DIY: How to build an AI-backed search result ranking system
Content management systems hold vast amounts of diverse information. This ranges from technical configuration over web site text to visual media, all in one place. Navigating this maze of information can be a challenge, especially when done proactively. It takes a lot of effort to recall on which one of the hundreds of pages exactly that one sentence we're trying to change is buried. Or was it actually page, or maybe the caption of an image asset?
To make everyone's life a bit easier, we've come up with a simpler approach to navigation in a CMS: Live, type-ahead search. The Find Bar is a central part of the new interface in Magnolia 6. Its underlying engine called Periscope is aware of any piece of content or configuration that is searchable.
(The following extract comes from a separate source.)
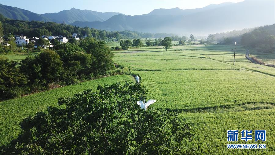 这是8月4日无人机拍摄的安徽黟县宏村风景区附近的农田晨景。新华社记者张端摄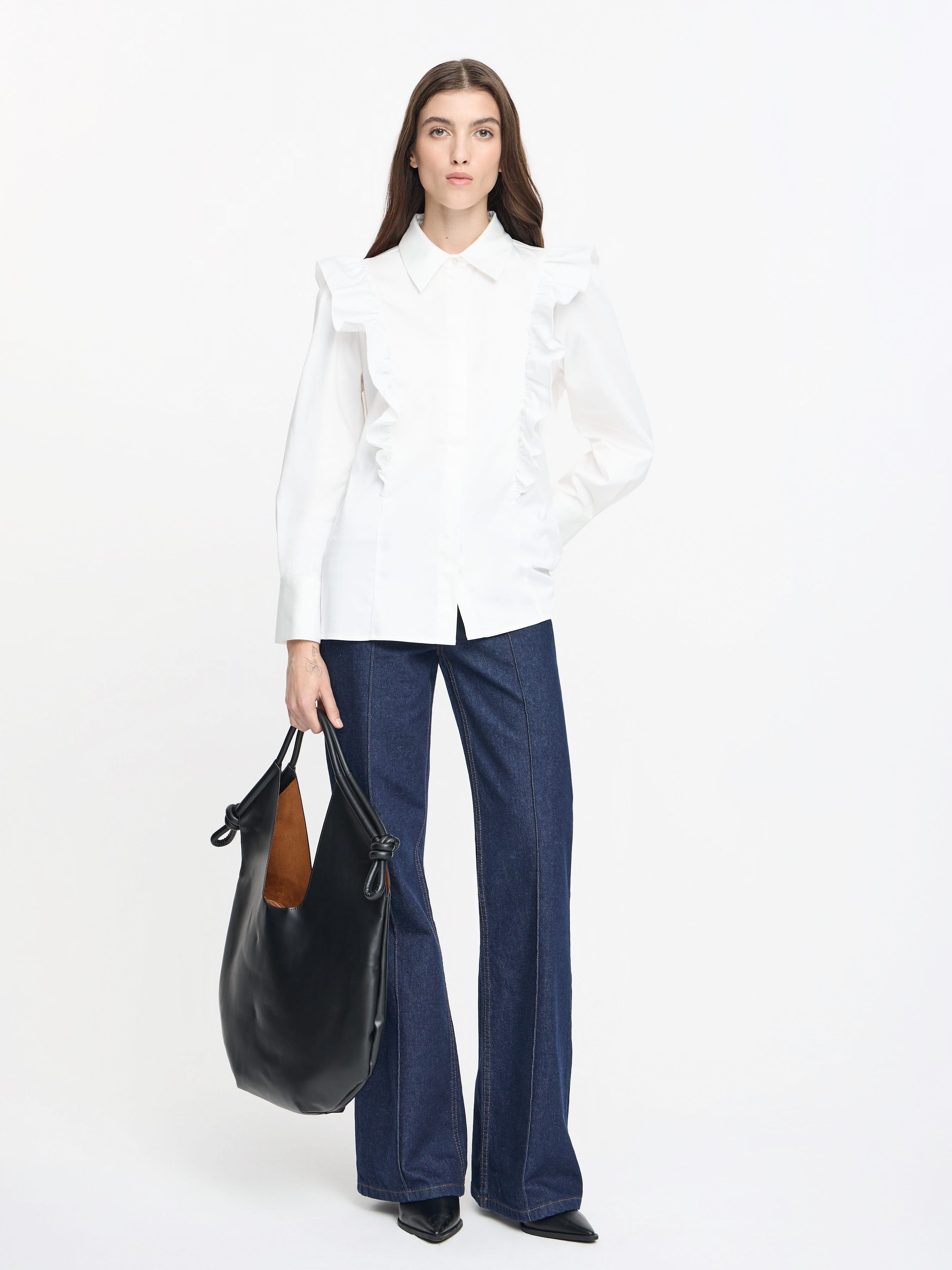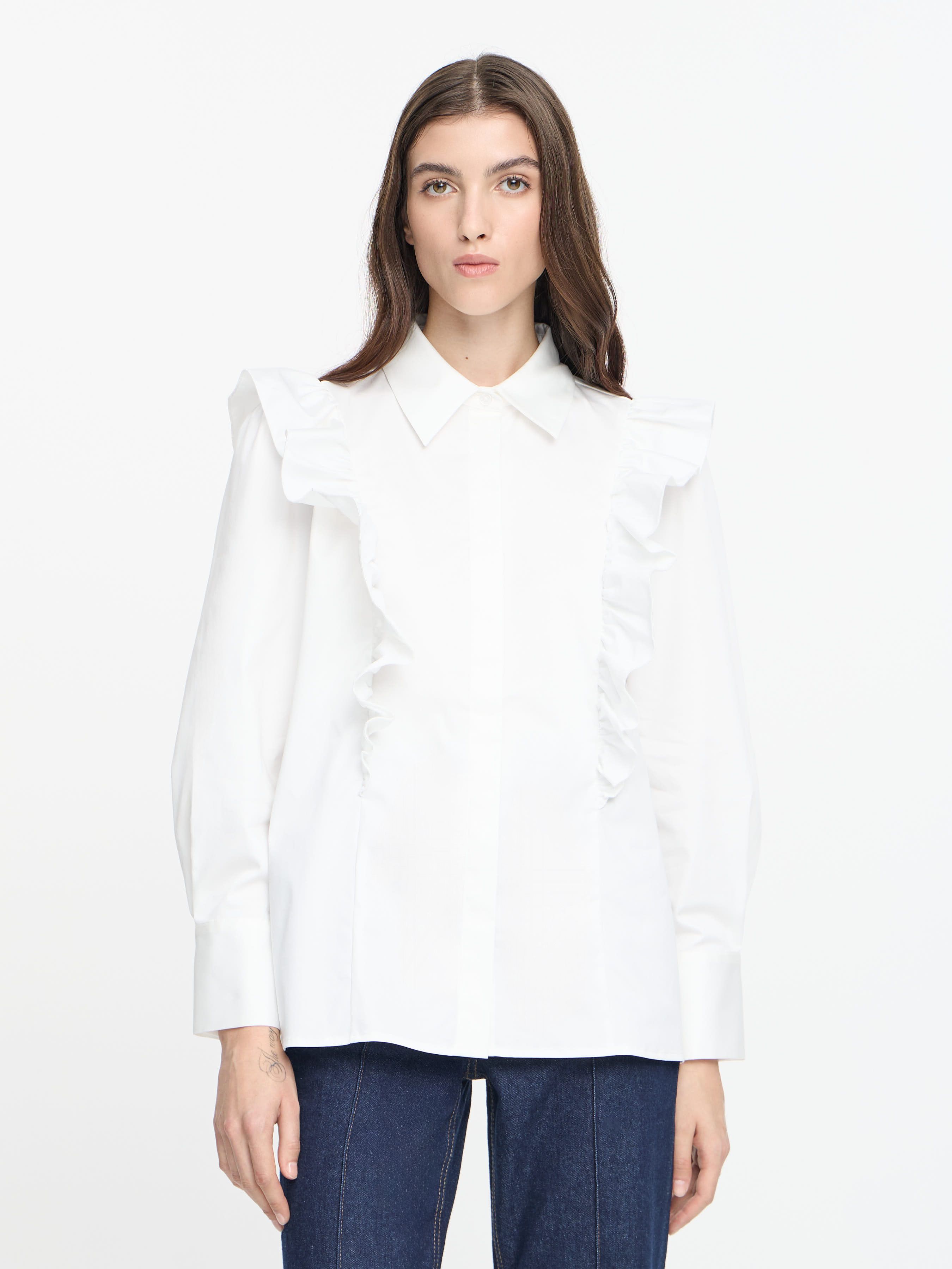 SATINATED POPLIN SHIRT WITH RUFFLES

Start typing a key word and it immediately begins listing matching items even from the remotest corners of your digital storehouse.
Having a central, omniscient search tool is just the start. The productivity gains it brings to users can be amplified even further by improving the way it ranks search results, pushing appropriate information ever closer to the user. This goal of continuous improvement of the search results is what motivated us to come up with a smart result ranking system for the Periscope.
When dealing with large piles of content, not all of it is used at the same frequency. In fact, people are often searching for the same things over and over again. The most obvious way to determine what the top searched items are is by observing real users, ideally the ones we are trying to optimize for. Therefore it would be desirable to have the search tool learn from what results users pick and move them closer to them.
Rank based on word fragments
An obvious approach for adaptive result ranking would be to simply count how many times a user clicked which result and rank results based on click count. However, we wanted to go a step further, and have a ranking based on search queries and that remains stable for similar queries. While typing ahead, it should not make a big difference if the current word fragment has one character more or less. For example, if someone used to type out "cargo" in the past and often chose a particular result, like a page about "Cargo Pants", the system should be smart enough to also list that result high when only typing part of the search term, like "carg...".
Now imagine the scenario of a user starting to type a search query. While the search term is growing, the search engine should continuously list results on-the-fly and bubble those to the top that seem most relevant given the partial information at that point. For example, "c..." might suggest "Cooking", while typing ahead "car..." would list "Car Floor Mats" on top, and "carg..." finally "Cargo Pants".
Different users may have different preferences. We account for this fact by using multiple instances of our ranking system, each learning peculiarities of user groups or individuals. While not technically difficult to carry out, it played an important role in our decisions regarding hardware resource intensity as explained later in the post.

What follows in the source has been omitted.